> _Exercise description_
In the material below, the lines between the one holding "Cargador inalámbrico plástico" and the one holding "为了丰富坚守在一线工作的留杭", inclusive, are to be set down word for word. Pictures stay out.

Raw data Start Marker

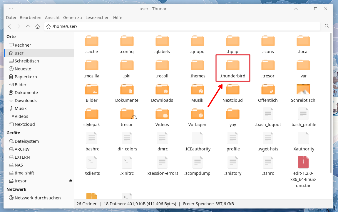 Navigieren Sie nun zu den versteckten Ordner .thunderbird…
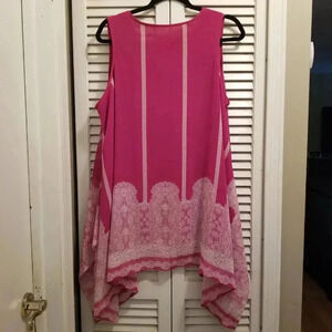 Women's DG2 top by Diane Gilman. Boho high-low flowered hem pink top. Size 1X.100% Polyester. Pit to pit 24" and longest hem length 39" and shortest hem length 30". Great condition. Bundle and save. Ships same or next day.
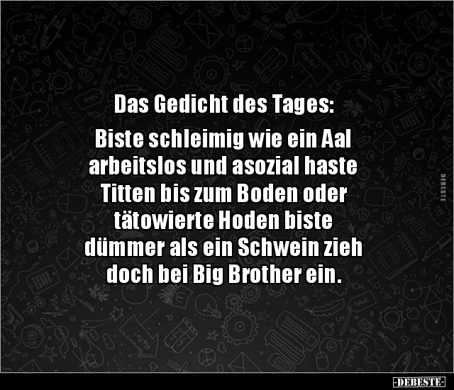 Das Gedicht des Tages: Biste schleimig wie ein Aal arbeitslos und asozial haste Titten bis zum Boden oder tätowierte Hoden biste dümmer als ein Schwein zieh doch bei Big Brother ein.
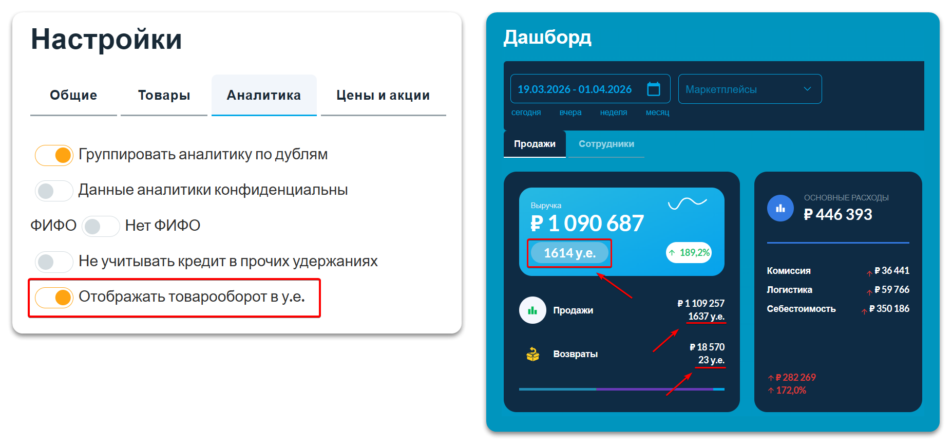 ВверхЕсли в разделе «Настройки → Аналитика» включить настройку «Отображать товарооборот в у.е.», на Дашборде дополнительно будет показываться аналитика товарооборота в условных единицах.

Raw data End Marker
Raw data Start Marker

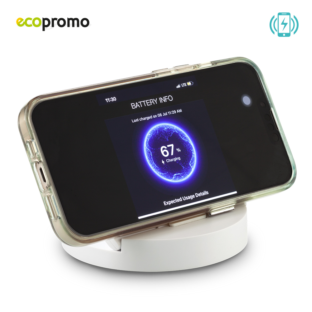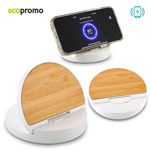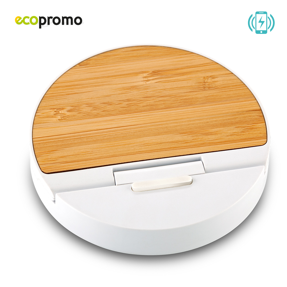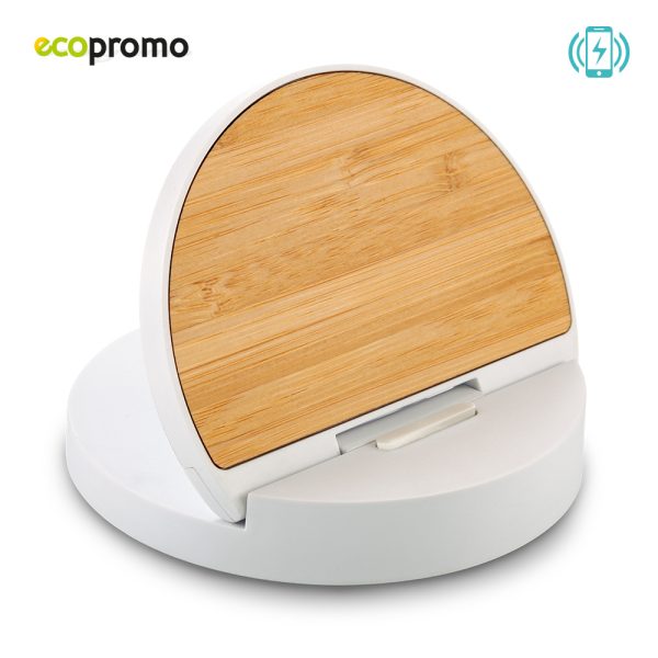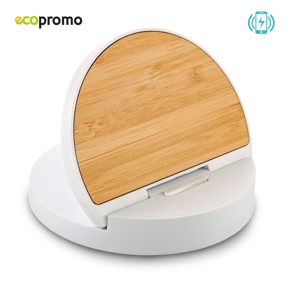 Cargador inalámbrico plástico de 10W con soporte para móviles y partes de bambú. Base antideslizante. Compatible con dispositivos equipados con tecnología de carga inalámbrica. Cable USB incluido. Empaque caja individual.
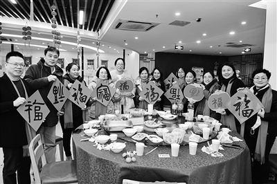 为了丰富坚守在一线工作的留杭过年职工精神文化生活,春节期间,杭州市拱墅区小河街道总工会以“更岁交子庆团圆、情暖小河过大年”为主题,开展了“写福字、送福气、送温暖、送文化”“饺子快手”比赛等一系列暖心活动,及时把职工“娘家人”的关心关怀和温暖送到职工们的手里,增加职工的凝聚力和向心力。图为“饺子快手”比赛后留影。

Raw data End Marker

> _Solved exercise_
 Cargador inalámbrico plástico de 10W con soporte para móviles y partes de bambú. Base antideslizante. Compatible con dispositivos equipados con tecnología de carga inalámbrica. Cable USB incluido. Empaque caja individual.
 为了丰富坚守在一线工作的留杭过年职工精神文化生活,春节期间,杭州市拱墅区小河街道总工会以“更岁交子庆团圆、情暖小河过大年”为主题,开展了“写福字、送福气、送温暖、送文化”“饺子快手”比赛等一系列暖心活动,及时把职工“娘家人”的关心关怀和温暖送到职工们的手里,增加职工的凝聚力和向心力。图为“饺子快手”比赛后留影。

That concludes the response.